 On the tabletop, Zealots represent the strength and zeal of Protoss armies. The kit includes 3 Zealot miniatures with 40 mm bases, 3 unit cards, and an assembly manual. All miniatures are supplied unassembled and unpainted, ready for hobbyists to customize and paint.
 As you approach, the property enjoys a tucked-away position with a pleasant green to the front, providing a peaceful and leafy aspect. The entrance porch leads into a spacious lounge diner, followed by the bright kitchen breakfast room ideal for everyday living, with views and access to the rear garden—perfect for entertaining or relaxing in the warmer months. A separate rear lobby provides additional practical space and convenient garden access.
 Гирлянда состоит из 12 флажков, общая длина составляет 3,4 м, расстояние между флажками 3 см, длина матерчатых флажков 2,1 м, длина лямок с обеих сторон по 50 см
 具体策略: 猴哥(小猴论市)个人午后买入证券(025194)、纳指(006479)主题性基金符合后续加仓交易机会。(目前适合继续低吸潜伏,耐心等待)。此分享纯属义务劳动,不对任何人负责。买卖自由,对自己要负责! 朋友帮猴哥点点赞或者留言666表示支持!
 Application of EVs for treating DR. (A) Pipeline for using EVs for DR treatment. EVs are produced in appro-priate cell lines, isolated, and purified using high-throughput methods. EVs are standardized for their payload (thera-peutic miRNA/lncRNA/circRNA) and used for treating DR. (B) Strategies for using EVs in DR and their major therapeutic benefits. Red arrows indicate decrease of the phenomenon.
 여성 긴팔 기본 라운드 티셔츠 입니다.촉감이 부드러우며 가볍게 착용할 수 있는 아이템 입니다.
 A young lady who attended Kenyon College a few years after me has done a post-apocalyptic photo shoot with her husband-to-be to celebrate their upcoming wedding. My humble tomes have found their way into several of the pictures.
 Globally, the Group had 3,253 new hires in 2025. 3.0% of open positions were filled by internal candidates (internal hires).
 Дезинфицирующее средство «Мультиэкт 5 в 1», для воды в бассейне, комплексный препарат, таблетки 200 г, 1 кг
======
All lines starting at the one holding "A young lady" and ending at the last line above must be output exactly, and no other line may appear.

 A young lady who attended Kenyon College a few years after me has done a post-apocalyptic photo shoot with her husband-to-be to celebrate their upcoming wedding. My humble tomes have found their way into several of the pictures.
 Globally, the Group had 3,253 new hires in 2025. 3.0% of open positions were filled by internal candidates (internal hires).
 Дезинфицирующее средство «Мультиэкт 5 в 1», для воды в бассейне, комплексный препарат, таблетки 200 г, 1 кг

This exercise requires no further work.